You are curious - so are locals: bring pictures of your home country, your family, the mountains, the sea, the snow, the cities, the cars, the pets. Show them parts of your life but be sensitive and use your judgment to not embarass them for anything. 

Show interest: ask what you are curious about but respect local customs, religion and role models. Prepare yourself and read a guidebook before you ask in order not to offend people.

Lower the barrier and communicate: bring a picture dictionary or a guide book with local information in the local language. Some words are enough to at least say hello, thank somebody, say your name, ask for theirs, the number of children, and so many more things. Use your hands and your drawing skills !

Bring books - In many countries books and reading in general is pure luxury and affordable to very few people. There is censorship in many places. Bringing a couple of novels or fact books, take some copies of the National Geographic from home, ideally in English depending on where you go, is a very welcome gift to many people who may share books with a wide range of people or sell them to make extra money. 

Buy books locally and give them to schools etc  - Even if you are in areas where schools exist, they will often not have resources to buy text books for pupils or novels to read from.

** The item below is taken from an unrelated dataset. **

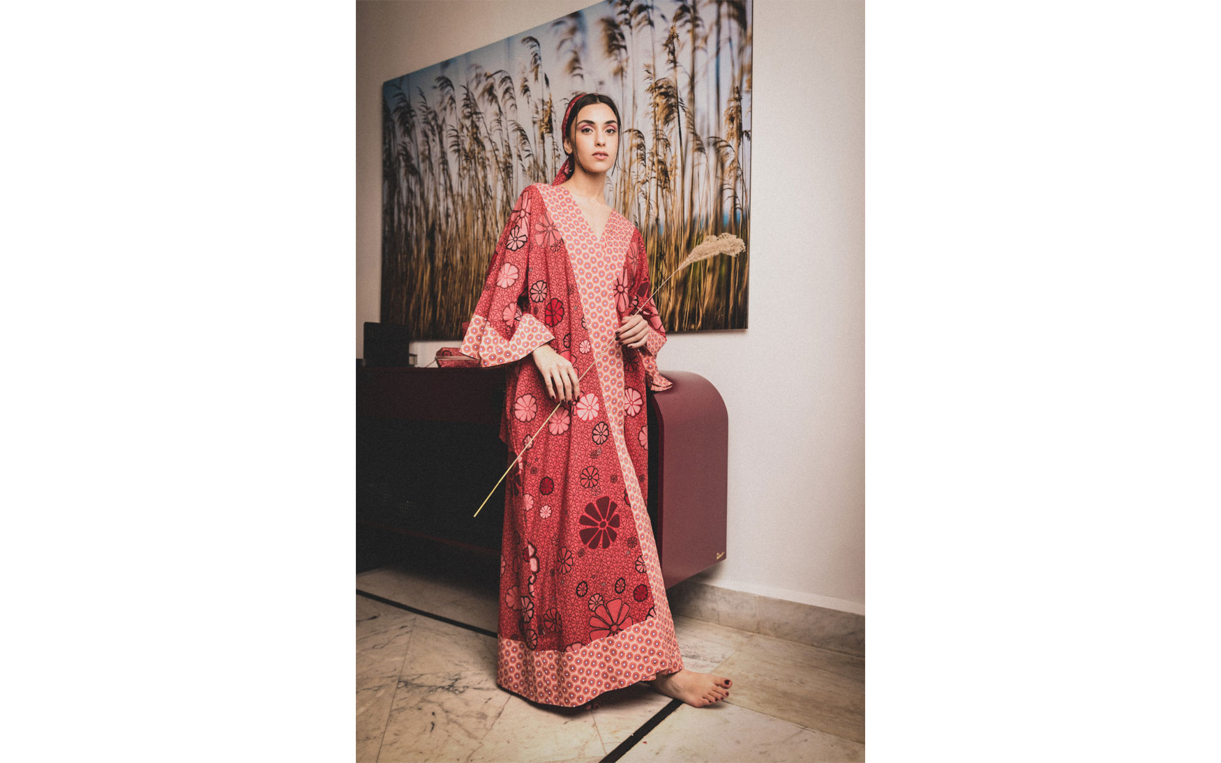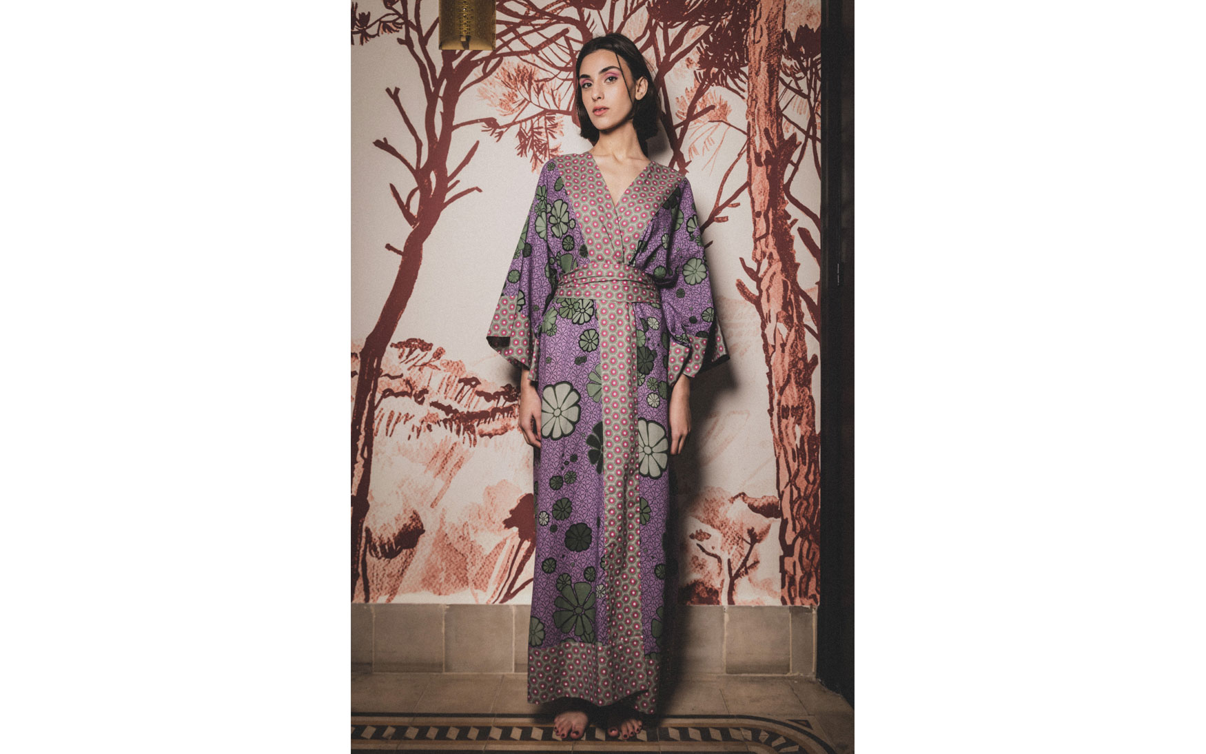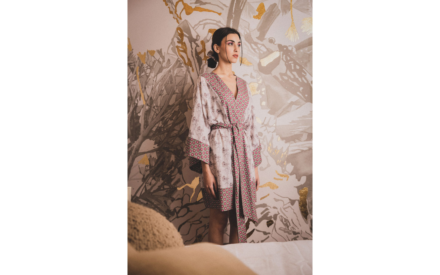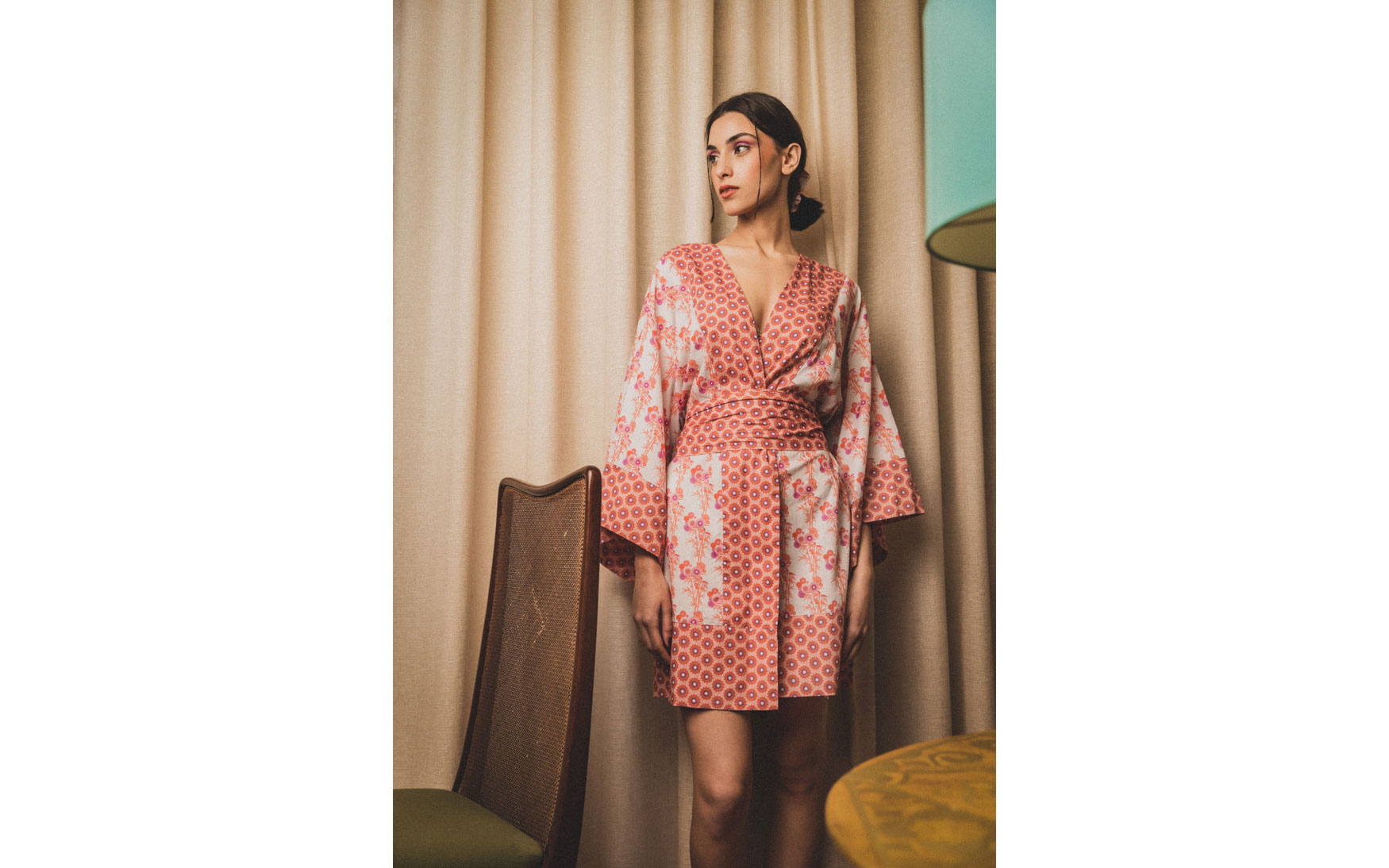 A beautiful free size long printed kimono made in pure cotton with a detachable large belt and exaggerated sleeves.
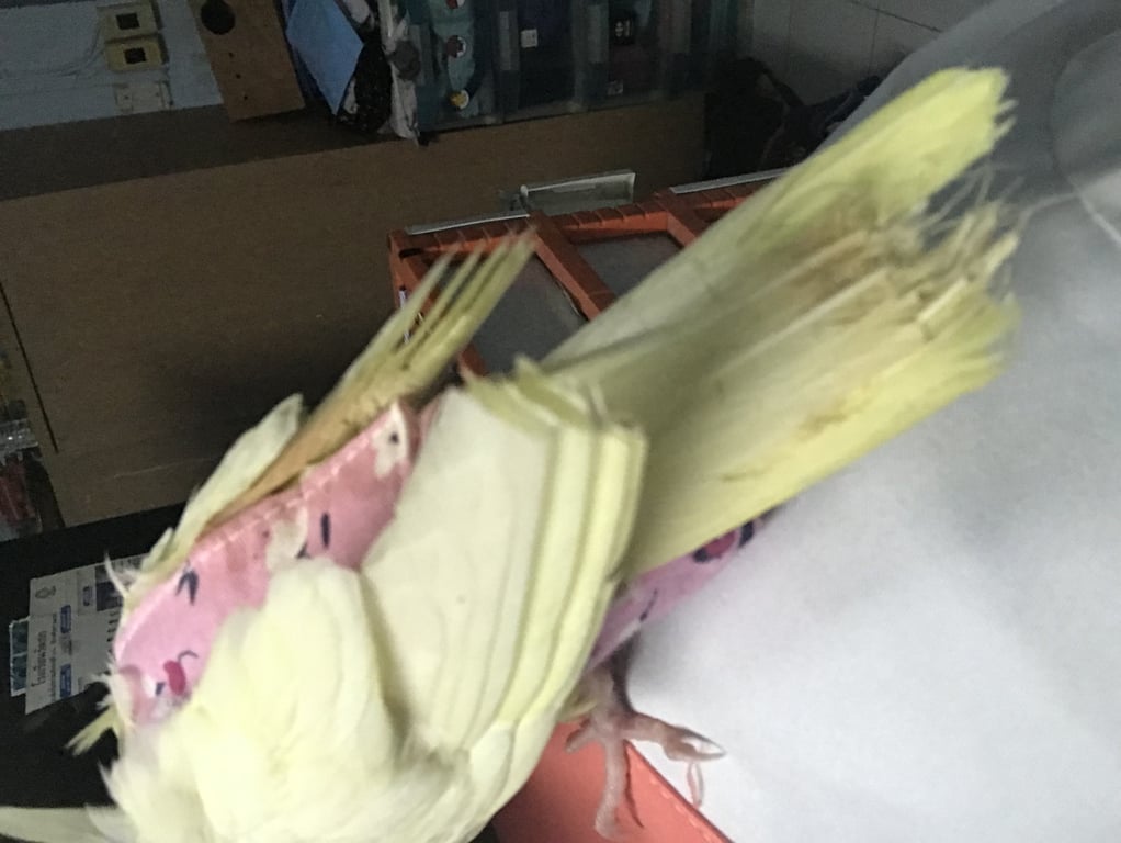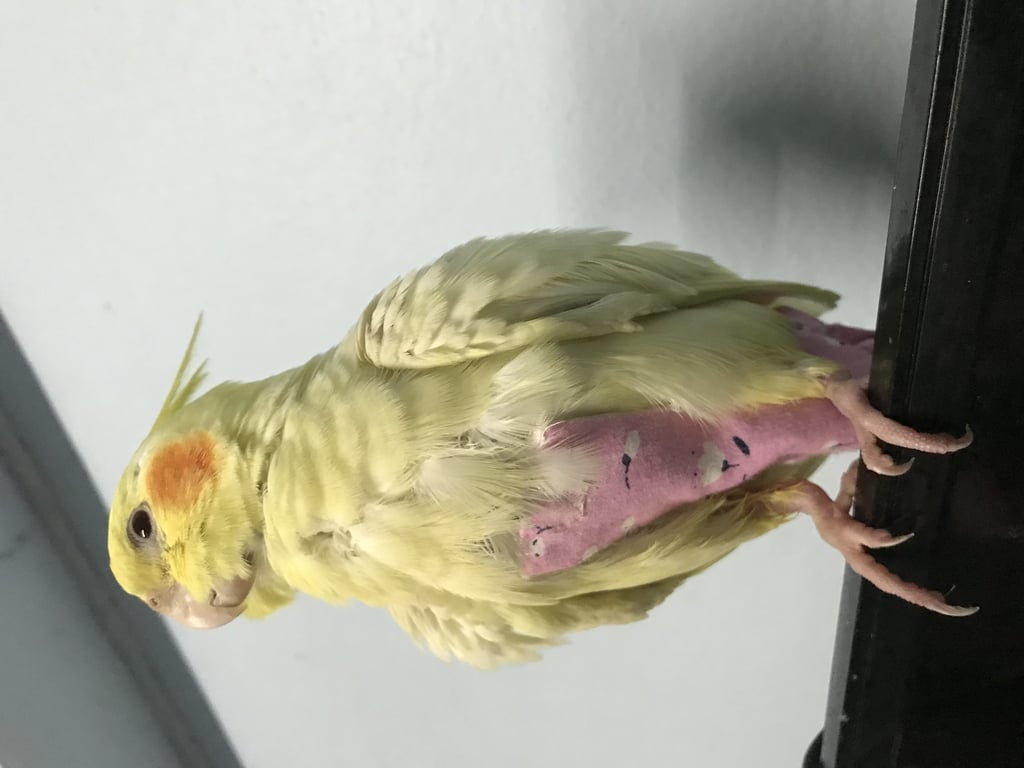 รอยตำหนิ: หางมีรอยตัด ขามีนิ้วไม่ครบ มีเเผลที่เท้าลักษณะขนหางมีรอยไหม้และรอยตัด ใส่ชุดผ้าอ้อมสีชมพู

While you stroll around on markets and in shops, you will pass by at used books stands etc. Get a couple of them for very little money and drop them with somebody who is the best person to use them properly and give them away. We found many very enthusiastic 'distributors' and very well informed people in religious institutions. 90% of reactions we have had so far are people craving for books and knowledge from outside, especially the teachers themselves who very often rank at the very low end of the income ladder but are supposed to transmit enthusiasm for learning to children without even having the minimum of intellectual input themselves.

Accept invitations - in most cultures other than the typical Western cultures, it is absolutely crucial to invite strangers into the home, to the village, for a meal. Even if they have much less than you have, even if they cannot spare anything - its obligatory to open your house. Westerners are not used to this, they are embarassed, they feel forced, they are uncomfortable... but turning down invitations will make potential hosts feel most turned down and worse, humiliated. If you can take the time, do accept the invitation, obviously using your own judgement of the situation. It can be the possibility of a lifetime (and you can refuse to eat certain things if you refer to stomach problems etc), think about leaving a little souvenir to offer to them or bring something as a gesture and a way to return the favour. Read your guidebook to find out about regional traditions.

You are a admirer of local crafts ?  They may be interested in looking at something or having it which is typical for your region or the season of the year, your preferred pattern in a fabric and the like.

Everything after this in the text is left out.